Der Anbau von Süßkirschen ist nicht nur in den südlichsten Regionen möglich, denn die weltweite Züchtung umfasst etwa 4.000 Sorten. Alle werden je nach den wichtigsten Eigenschaften in zwei Untergruppen unterteilt: Bigaro und Gini.
Inhaltsverzeichnis:
Sortenwahl
Die Sorten der Bigaro-Gruppe zeichnen sich durch eine feste, elastische Schale und farblosen Saft aus und haben eine mittlere bis späte Reifezeit.
Diese Süßkirschen eignen sich gut zum Frischverzehr oder zur industriellen Verarbeitung zu Säften, Kompotten usw.
Frühe Süßkirschensorten der Gini-Gruppe haben saftiges und zartes Fruchtfleisch, daher sind sie nicht für den Langzeittransport geeignet und verderben schnell. Solche Süßkirschen reifen früh und gelten als Tafelsorten. Anhand der Beschreibung der Gruppen kann man die Sortenwahl treffen. Nun betrachten wir, wie man diese Pflanze anbaut.
Die Süßkirsche ist eine fremdbestäubende Pflanze, obwohl es auch selbstfruchtbare Sorten gibt, aber wenige. Daher werden für maximale Erträge verschiedene Sorten dieser Kultur im Garten gepflanzt. Eine gute Nachbarschaft mit Sauerkirschen ergibt gute Ergebnisse, vorausgesetzt die beiden Bäume blühen gleichzeitig.
Standortwahl für den Anbau
Beim Anbau von Süßkirschen muss der Baum zunächst am richtigen Standort gepflanzt werden. Da der Baum eine geringe Winterhärte hat, pflanzt man ihn besser in den Schutz eines Zauns oder einer Gebäudewand, wählt die Südseite und schützt die Kultur vor dem Einfluss kalter Nordwinde.
Die Süßkirsche gedeiht gut auf sandigen Lehmböden oder Lehmböden. Die Böden sollten fruchtbar sein und eine gute Luft- und Wasserdurchlässigkeit aufweisen. Senken und Gebiete mit hohem Grundwasserspiegel sind für den Anbau von Süßkirschen ungeeignet.

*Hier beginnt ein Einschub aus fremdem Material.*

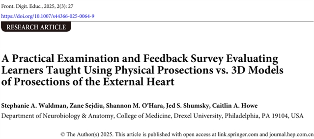 近日,美国德雷塞尔大学Stephanie A. Waldman等在Frontiers of Digital Education(《数字教育前沿(英文)》)期刊上发表了一篇题为A Practical Examination and Feedback Survey Evaluating Learners Taught Using Physical Prosections vs. 3D Models of Prosections of the External Heart (《实体断层标本与虚拟 3D 断层模型在心脏解剖教学中的实践评估与反馈调查》)的文章,通过一项针对29名医学新生的对比研究,探讨了实体心脏断层标本与虚拟3D心脏断层模型在教学效果上的差异,同时调查了学生对两种教学资源的偏好,为解剖学教学中虚拟资源的合理应用提供了实证依据。

Vorbereitung des Pflanzlochs
Das Pflanzloch für die Süßkirsche wird im Herbst bis zu einer Tiefe von 80 Zentimetern ausgehoben. In diesem Loch wird die fruchtbare Erde mit mehreren Eimern Humus vermischt. Die Pflanzung erfolgt im Frühjahr vor dem Austrieb, wobei im Frühjahr ein Kilogramm Asche und 300 Gramm Superphosphat in die Erde gegeben werden.
Alle Komponenten werden gründlich vermischt, danach kann der vorbereitete Setzling gepflanzt werden. Die Vorbereitung besteht darin, die Wurzeln der Pflanze 6-8 Stunden in Wasser einzuweichen sowie die Spitzen gesunder und beschädigter Wurzeln zu beschneiden. Nach dem Bedecken der Wurzeln der Süßkirsche mit Erde wird die Pflanze mit warmem Wasser gegossen.
Pflege von Süßkirschen
Die Süßkirsche treibt während der Entwicklung schnell neue Triebe aus, daher muss zur Erhaltung der gewünschten Kronenform ein Schnitt durchgeführt werden. Der Baumschnitt erfolgt am Ende des Winters, wenn er mild ist, oder im Frühjahr vor dem Aufbrechen der Knospen. Einjährige Bäume werden um 1/5 zurückgeschnitten, dabei werden beschattende, kranke und trockene Äste entfernt. Die Schnittstellen werden mit Baumwachs behandelt.
Beim Anbau von Süßkirschen werden sie nicht selten von Schädlingen befallen, die die Ernte völlig zerstören können. Zum Schutz des Baumes vor Schädlingen (Ameisen, Blattläuse) wird der Baum im Frühjahr und Herbst gekalkt. Hauptschädlinge (Blattwickler, Raupen usw.) werden vor der Blüte mit verschiedenen chemischen Mitteln bekämpft.
Der Boden unter dem Baum sollte locker gehalten werden, was einen guten Luftaustausch fördert. Zur Feuchtigkeitsspeicherung kann unter dem gelockerten Boden eine Mulchschicht ausgebracht werden.